Governor of Trinidad and Tobago
- In office 1891–1896
- Monarch: Victoria
- Preceded by: Sir William Robinson
- Succeeded by: Sir Hubert Jerningham

Governor of Western Australia
- In office 1883–1889
- Monarch: Victoria
- Preceded by: Sir William Robinson
- Succeeded by: Sir William Robinson

Governor of Mauritius
- In office 1880–1883
- Monarch: Victoria
- Preceded by: Sir George Bowen
- Succeeded by: Sir John Pope Hennessy

Personal details
- Born: 18 November 1842 Canada
- Died: 26 November 1896 (aged 54) London, England

= Frederick Broome =

Colonial administrator (1842–1896)

Sir Frederick Napier Broome (18 November 1842 - 26 November 1896) was a colonial administrator in the British Empire, serving in Natal, Mauritius, Western Australia, Barbados and Trinidad and Tobago. The Western Australian towns of Broome and Broomehill are named after him. He has signed his name as F. Napier Broome.

==Early life==
The eldest son of Rev. Frederick Broome, rector of Kenley, Shropshire, by his wife Catherine Eleanor (eldest daughter of Lieut.-Colonel Napier, formerly Superintendent, Indian Department, Canada), Broome was born in Canada and educated at Whitchurch Grammar School, Shropshire. When visiting England in 1865, he married Mary Anne Barker on 21 June. The couple moved to New Zealand where Broome had a sheep station, in the Malvern Hills, province of Canterbury.

==Career==

===Journalist and poet===
Broome returned to London in 1869, and for the following six years was a regular contributor to The Times, being the newspaper's correspondent at the Duke of Edinburgh's marriage at St. Petersburg, and on many other occasions. He also wrote literary reviews, art critiques, and miscellaneous articles. He published two volumes of verse, Poems from New Zealand (1868) and The Stranger of Seriphos (1869), and contributed verse to the Cornhill, Macmillan's Magazine, and other periodicals.

===Administrator===
In 1870 he was appointed secretary to the St. Paul's Cathedral Completion Fund, and, in 1873, secretary to the Royal Commission on Unseaworthy Ships, and held for some time a commission in the Essex yeomanry. He was selected by the Earl of Carnarvon, in 1875, to proceed with Lord Garnet Wolseley on a special mission to Natal, as colonial secretary of that colony. He held that post until 1878, when he was promoted to the colonial secretaryship of Mauritius, where he administered the government in 1879, and was lieutenant-governor of the island from 1880 to 1888. He was the 14th governor of Mauritius from 9 Dec 1880 to 5 May 1883. He was created CMG in 1877, and KCMG in 1884.

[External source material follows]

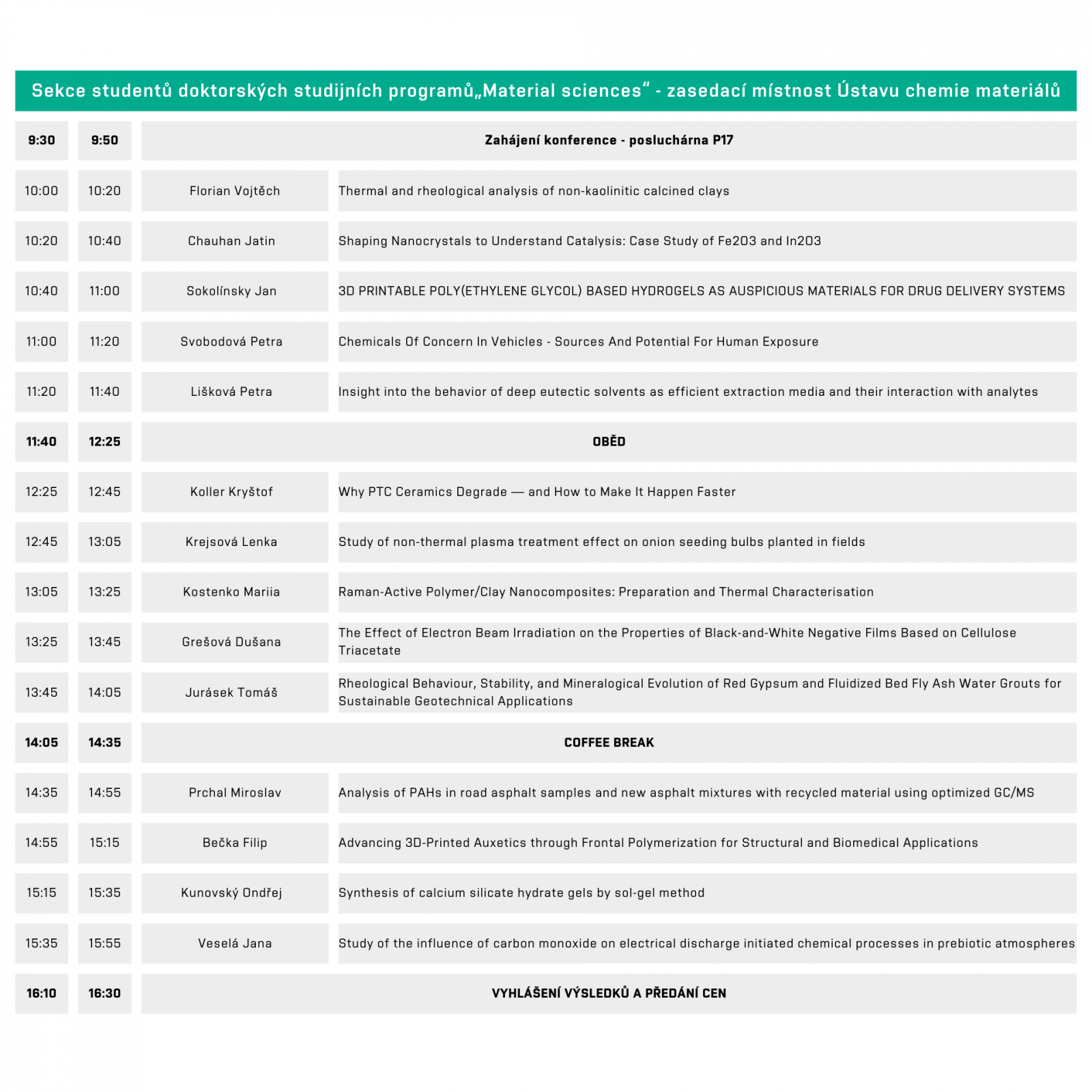 Konference bude zahájena 27. listopadu v 9:30 hod v posluchárně P17 na Fakultě chemické VUT v Brně.

On receiving the news of Britain's military disaster at Isandlwana (1879), he despatched at once to the assistance of Lord Chelmsford nearly the whole of the garrison of the colony, including a half battery of artillery, For which he was warmly thanked by the governor and high commissioner of the Cape Colony, Sir Bartle Frere, and by the colony of Natal through its lieutenant governor, Sir Henry Bulwer.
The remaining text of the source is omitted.